In and Around the Acer Aspire S5

While the trap door for the port cluster is closed (more on this in a bit), the Aspire S5 largely escapes the wedge shape that seems to define ultrabooks as a whole. Acer uses a lot of rounded corners to thin out the profile of the A5, making a dense and thin notebook seem only denser and thinner still.

It's important to keep in mind that what Acer has done here is essentially produce an ultrabook that is both lighter and thinner than a 13-inch MacBook Air. This is really about as portable as a 13.3" notebook is going to get.

It's difficult not to be excited about the lack of glossy plastic used in modern notebooks when you've spent years reviewing eyesores, but I admit even I was initially impressed by the styling of the S5. I've been one of Acer's harshest critics for some time, but to look at the Aspire S5 you'd almost be surprised to see that logo on the lid and bezel. Acer uses a finish that appears to be black brushed aluminum over virtually the entire shell of the S5.

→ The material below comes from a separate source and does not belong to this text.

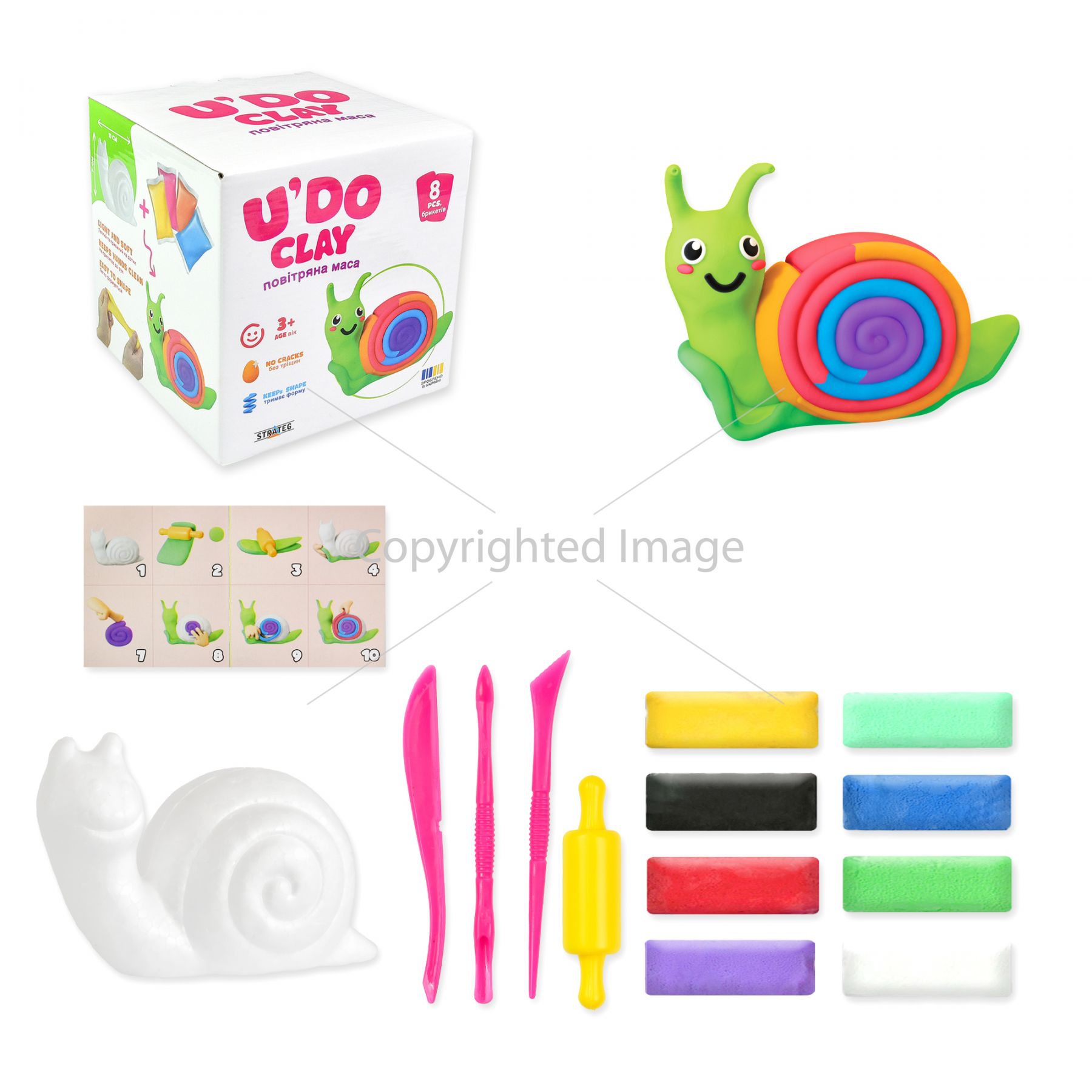 ♦ Комплектація: коробка, маса для ліплення - 8 шт., інструменти - 4 шт., основа для ліпки, пакети з застібкою - 3 шт., інструкція

Unfortunately that initial look of quality doesn't quite translate to feel. While the system as a whole is fairly sturdy (the screen itself doesn't flex anywhere near as much as, say, Toshiba's Portege Z series), the plastic used for the shell feels chintzy. When I try to flex the notebook, part of the plastic on the left palmrest actually makes a popping sound. Over time, the plastic also can accumulate fingerprints.

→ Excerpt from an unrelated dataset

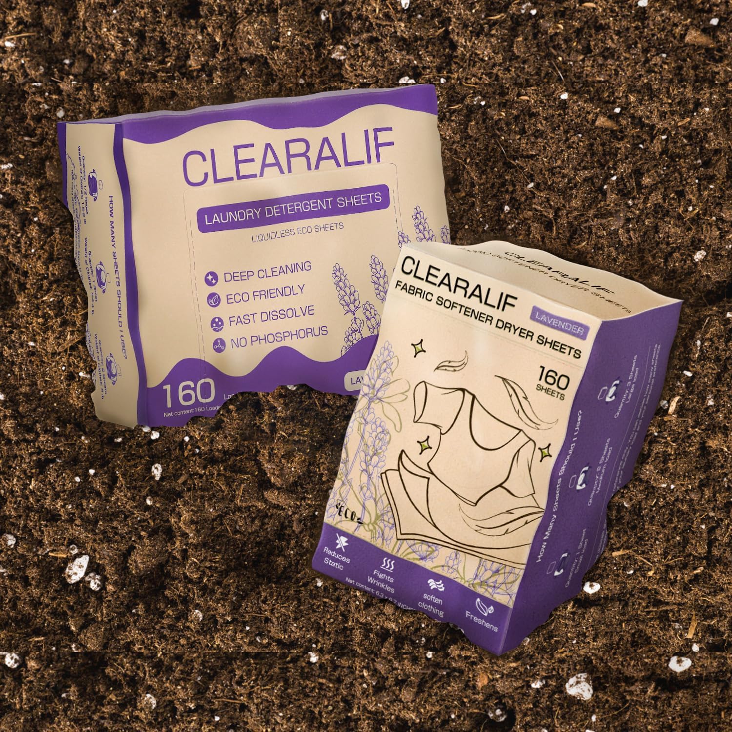CLEARALIF All in One Laundry Detergent Sheets Kit, Lavender Scent, 160 Loads Laundry Sheets + 160 Drying Sheets, Laundry Set Great for Travel, Softener Sheets Eco Package Friendly & Hypoallergenic

Where Acer did very right was with the keyboard, though. The one thing I used to harp on them relentlessly for is now the strongest asset of their ultrabook. For such a thin notebook there's a healthy amount of travel and depth to the keys, and while they feel a little on the small side and aren't as clicky as I'm used to, they're definitely an improvement on the competition. If you're not a fan of ultrabook keyboards, Acer's S5 probably isn't going to sway you too much, but it's definitely a welcome improvement.

Despite my general ambivalence towards clickpads, Acer produced a usable one here. The surface is distinct from the rest of the shell and very comfortable to slide your fingertip across, and taps register easily enough. It still has some issues with left or right clicking, though, just as clickpads often do (e.g. mouse movements when I'm intending to click).

Trap door closes, trap door opens!

Speaking of convenience, there's one very big feature of the Aspire S5 and it's something that Anand and I discussed and came to a bit of a split decision on: the motorized trap door. Next to the keyboard is a button that opens and closes a motorized trap door in the bottom of the S5 that hides the USB 3.0, HDMI, and Thunderbolt ports as well as adjusting the size of the ventilation in the back of the S5 to improve cooling performance. My first instinct was that something motorized like this pretty much just screams "one more thing to break down," and I would very much have rather seen the budget and engineering effort put towards solving more serious problems (like the poor display). Anand found it to be an interesting gamble and at least an innovative approach towards slimming things down while still keeping a decent amount of connectivity. Either way, it's definitely unique to Acer.

Note that when the system is running particularly toasty, the door will pop open on its own. Where I'm really inclined to give Acer the benefit of the doubt, though, is the fact that someone over there realized something that seems to have escaped most ultrabook engineers on the first go-round: a notebook as thin and as light as ultrabooks are supposed to be is practically destined to be used on someone's lap, so why put any ventilation on the bottom? The Aspire S5 has no bottom-mounted vents, just the one in the back. That's a major coup for usability.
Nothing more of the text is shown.